A common question among business owners, as well as employees is, “What is workers’ compensation?” Although workers’ compensation has been around for more than a century, many individuals are familiar with the term, but aren’t exactly sure what workers’ comp is or why it is required. It’s a good idea for both employers and employees to understand workers’ compensation, including what it is, who needs it, and what it covers.
What Is Workers’ Compensation?
Workers’ compensation is a type of insurance that is available to business owners. This insurance is required by law in most countries throughout the world, with a few exceptions for certain employers. Workers’ compensation insurance provides benefits to employees who suffer injuries or illness as a result of their job. Settlements may range from reimbursement of wages missed due to the injury to payment for medical expenses arising from the incident, depending on the case details and local workers’ compensation laws.
The History of Workers’ Compensation
Before workers’ compensation insurance and laws were established, an employee’s only defense following a work-related injury was to file a lawsuit against their employer. These cases often ended in favor of the business. If the worker did win, the repercussions to the business owner were usually a hefty financial burden that could put the company out of business completely.
Germany was the first country to instate workers’ compensation laws, providing wage reimbursement to all workers with job related injuries for up to 13 weeks. Reduced payments could be continued if the injury resulted in permanent disability. The German compensation law was established in 1884 and was closely followed by similar laws in other European countries.
What Is Workers’ Compensation in the US?
The first American laws regarding workers’ rights following an injury were passed in Georgia and Alabama in 1855. Called the Employer Liability Act, these laws allowed employees to make a case against an employer to be compensated for injuries caused by the company’s negligence. Workers’ compensation laws like those in Germany were not established in the US until 1902 by the state of Maryland. Compensation laws to protect federal employees were enacted in 1906, and by 1949 every state required most employers to carry workers’ comp insurance.
Advantages and Disadvantages of Workers’ Comp
Workers’ compensation laws differ from state to state, but the primary reason this sort of legislation exists is to reduce the need for courtroom litigation.
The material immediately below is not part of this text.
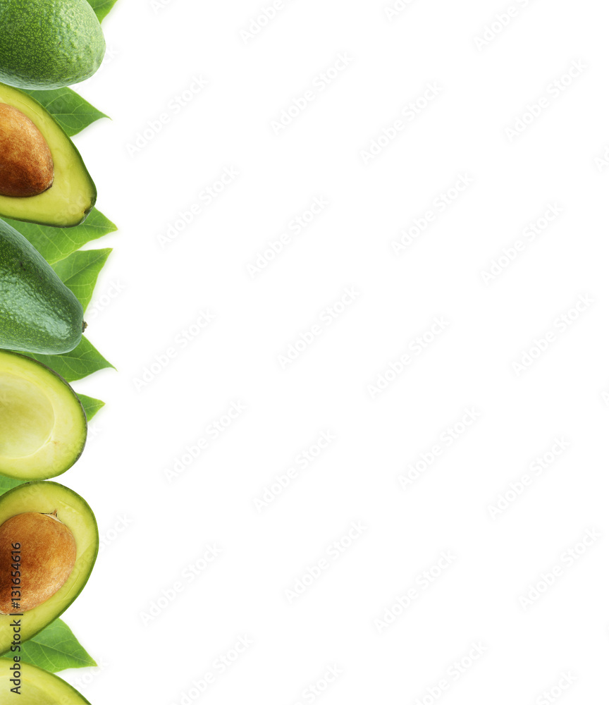 Fresh avocado with leaves on white background. Halves of fresh avocado at border of image with copy space for text. Top view. Vegetarian or healthy eating.
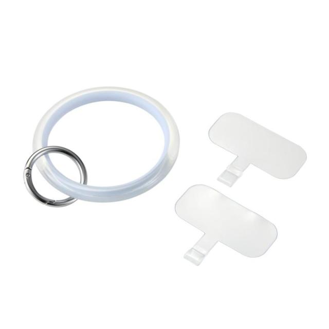 きらめくクリア感が特徴で、手首に通して使えるリングタイプのスマホハンドストラップです。

Each state has its own set of compensation requirements for various types of workplace injuries and illnesses, and employers are required to purchase insurance to pay the costs of meeting those requirements. This benefits both workers and businesses, meaning neither has to suffer hardships due to an accident. There are also disadvantages for both parties when answering what is workers’ compensation:
- Worker’s compensation insurance can be a hefty expense for business owners. Coverage rates are based on the company’s average payroll expenses, the industry sector, and their accident history.
- Payments are not awarded on a case-by-case basis so there is no guarantee that the amount will cover the worker’s medical expenses and living requirements.
- Employers are mandated to place workers on light-duty for some work related injuries. These positions aren’t always available and business owners may fire the employee rather than search for alternatives.
- Recently acknowledged injuries and illnesses related to job stress or computer work may not be included in a state’s compensation plan, requiring the parties to take the claim before the board.
What Is Workers’ Compensation Coverage?
Depending on the type of injury, as well as the state the business operates in, workers’ comp insurance will make several different types of payments to the employee on the employer’s behalf. Workers’ compensation does not cover any type of reimbursement for damages like general hardship, emotional distress, or additional compensation for employer negligence. The items below are usually covered.
- If the condition causes the worker to miss time on the job or completely disables the individual, he or she is generally entitled to a portion of their regular wages.
- Medical bills and other health-related charges that are a result of the incident are usually paid by the insurance policy.
- In the case of accidental death, workers’ compensation insurance typically pays a set amount to the employee’s designated beneficiaries.
- Many policies also provide additional compensation and benefits to assist the employee with recovery, as well as economic survival during the process.
What Business Owners Need to Know
Understanding the answer to what is workers’ compensation is extremely important for employers. Most states will impose a fine on companies that operate without the required insurance coverage. Business owners should stay up to date on their state’s workers’ compensation laws and should speak with their business insurance provider to determine the best rates.
Small businesses with very few employees are usually not required to carry workers’ comp, but the maximum number of workers varies depending on the state. Individuals who employee domestic help or farm workers are often exempt as well. Businesses who use independent contractors rather than employees also qualify for exemption in most states, but a copy of the subcontractor’s insurance may need to be included in the company’s records.
What is workers’ compensation? It is a type of insurance that protects employees from loss and hardship from an injury or illness related to their job, and also keeps employers safe from unexpected expenses relating to employee accidents. Workers’ compensation insurance can be costly to business owners, but it is well worth it when the coverage is needed.